### [The data]

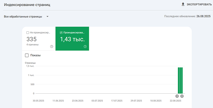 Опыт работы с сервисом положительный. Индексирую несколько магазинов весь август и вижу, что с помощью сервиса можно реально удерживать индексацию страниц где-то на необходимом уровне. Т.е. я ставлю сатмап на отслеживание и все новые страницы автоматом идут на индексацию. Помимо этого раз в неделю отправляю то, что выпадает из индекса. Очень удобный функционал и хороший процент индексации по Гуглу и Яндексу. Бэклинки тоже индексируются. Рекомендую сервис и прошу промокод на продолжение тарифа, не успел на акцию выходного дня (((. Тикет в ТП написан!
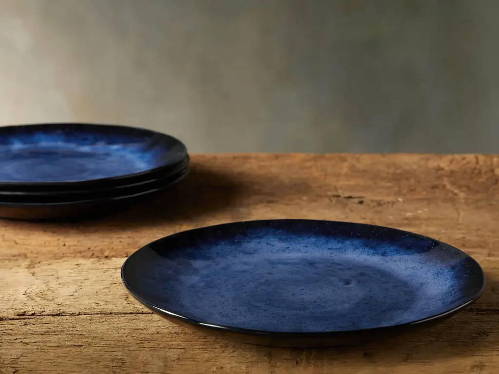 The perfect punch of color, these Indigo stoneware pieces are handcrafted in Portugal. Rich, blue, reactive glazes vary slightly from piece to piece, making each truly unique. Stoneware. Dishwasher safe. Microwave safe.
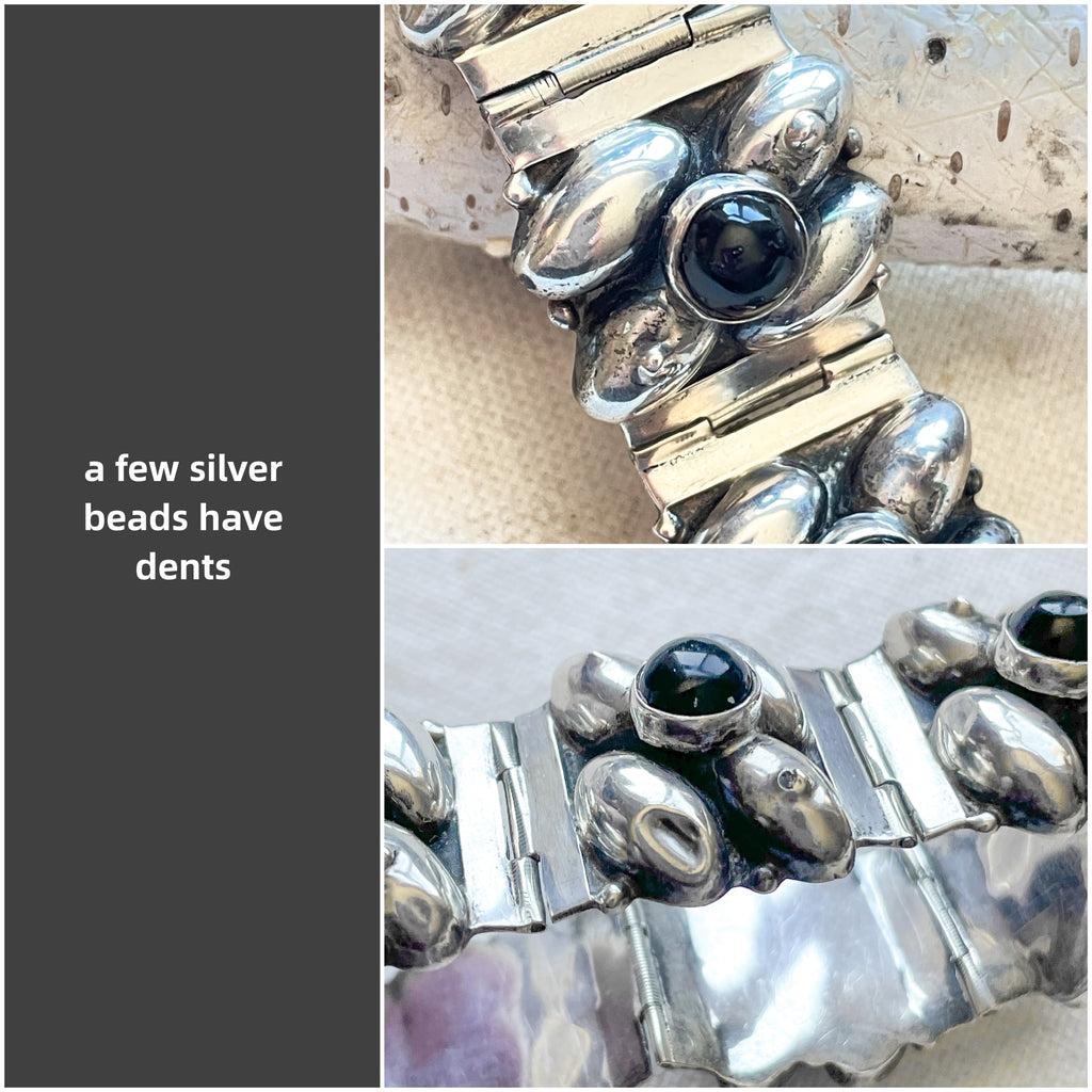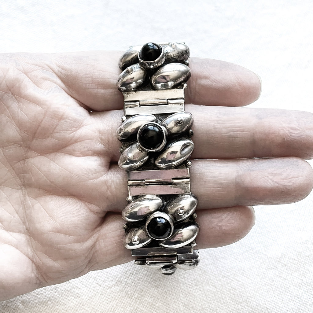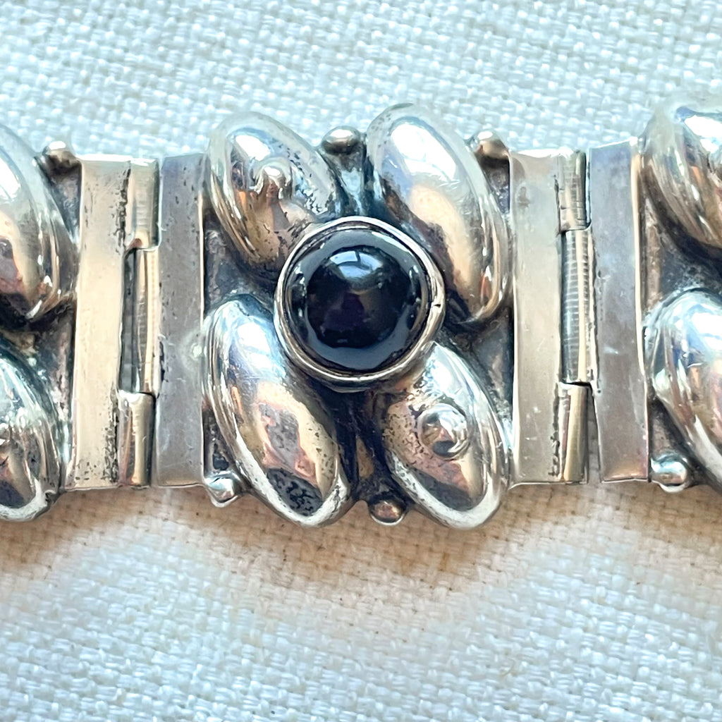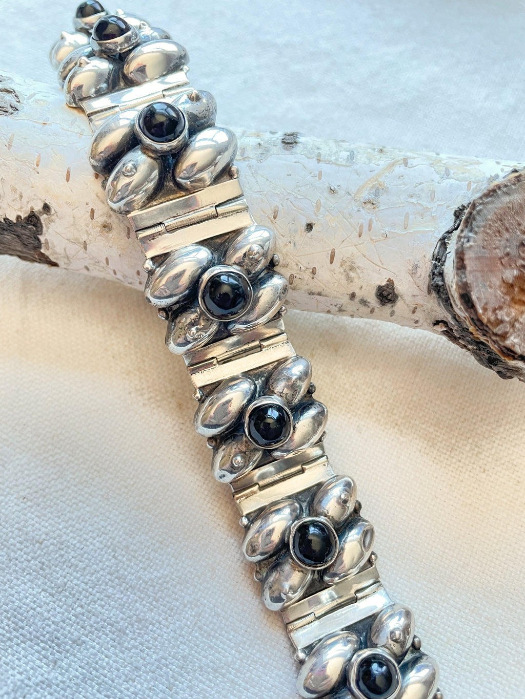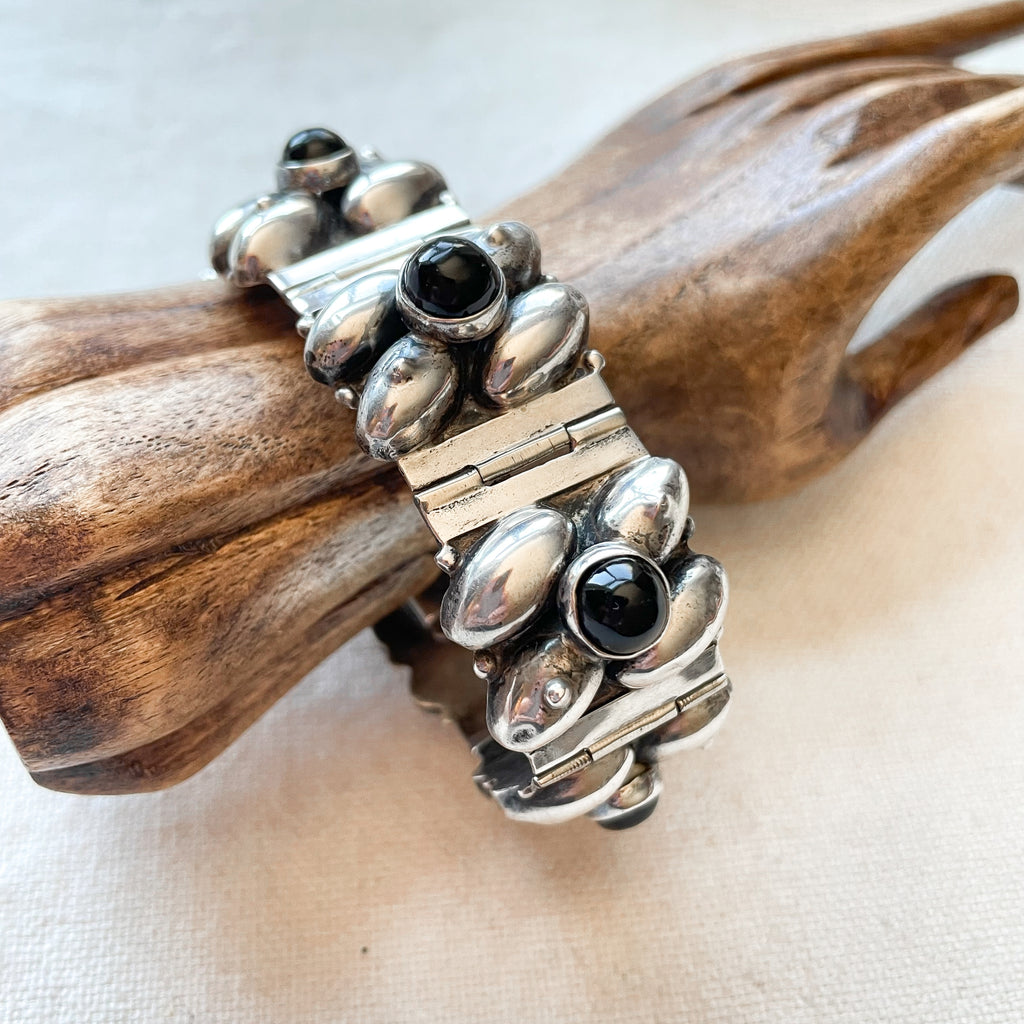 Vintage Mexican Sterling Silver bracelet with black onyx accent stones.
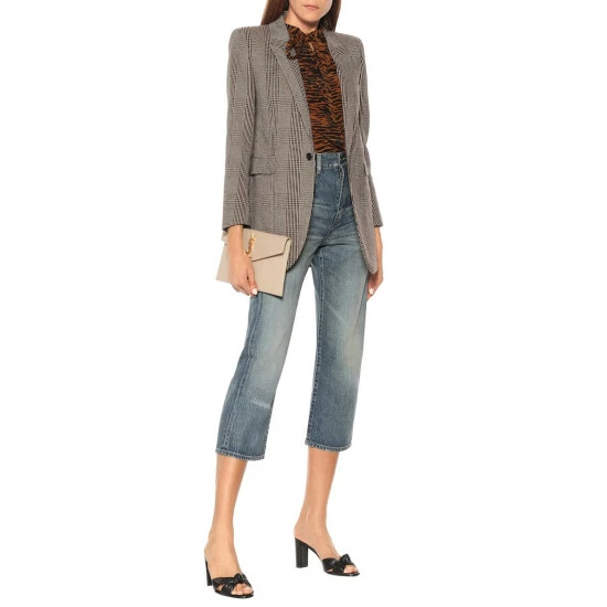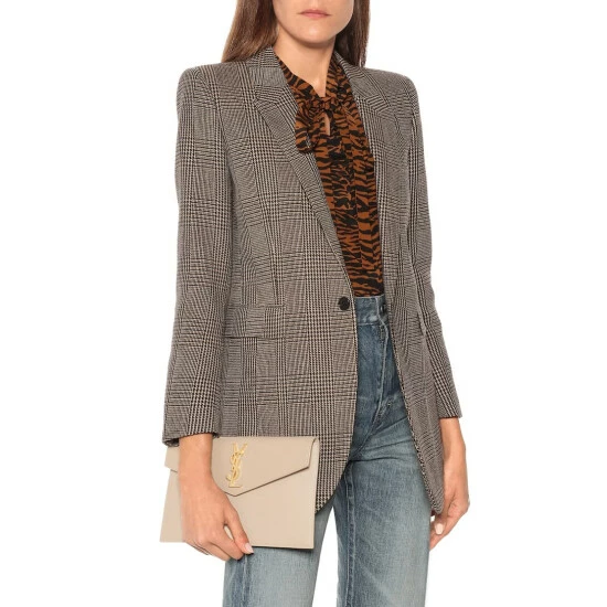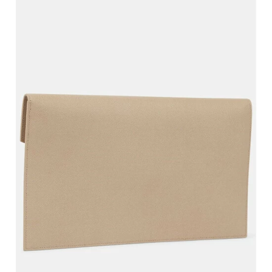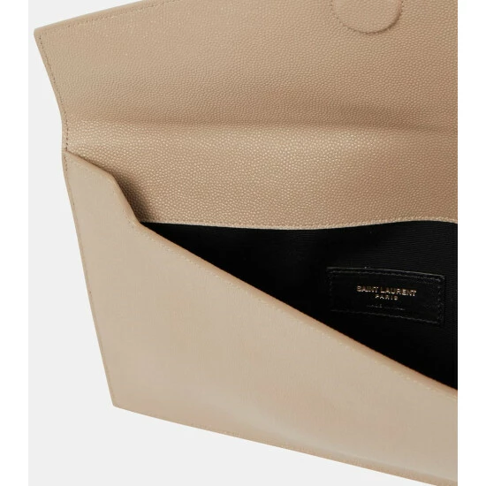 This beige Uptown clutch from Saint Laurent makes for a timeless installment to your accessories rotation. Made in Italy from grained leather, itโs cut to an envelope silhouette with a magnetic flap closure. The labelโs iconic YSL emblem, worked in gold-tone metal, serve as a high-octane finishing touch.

### [Assignment]
Return all the material exactly, skipping pictures.

### [Expected answer]
 Опыт работы с сервисом положительный. Индексирую несколько магазинов весь август и вижу, что с помощью сервиса можно реально удерживать индексацию страниц где-то на необходимом уровне. Т.е. я ставлю сатмап на отслеживание и все новые страницы автоматом идут на индексацию. Помимо этого раз в неделю отправляю то, что выпадает из индекса. Очень удобный функционал и хороший процент индексации по Гуглу и Яндексу. Бэклинки тоже индексируются. Рекомендую сервис и прошу промокод на продолжение тарифа, не успел на акцию выходного дня (((. Тикет в ТП написан!
 The perfect punch of color, these Indigo stoneware pieces are handcrafted in Portugal. Rich, blue, reactive glazes vary slightly from piece to piece, making each truly unique. Stoneware. Dishwasher safe. Microwave safe.
 Vintage Mexican Sterling Silver bracelet with black onyx accent stones.
 This beige Uptown clutch from Saint Laurent makes for a timeless installment to your accessories rotation. Made in Italy from grained leather, itโs cut to an envelope silhouette with a magnetic flap closure. The labelโs iconic YSL emblem, worked in gold-tone metal, serve as a high-octane finishing touch.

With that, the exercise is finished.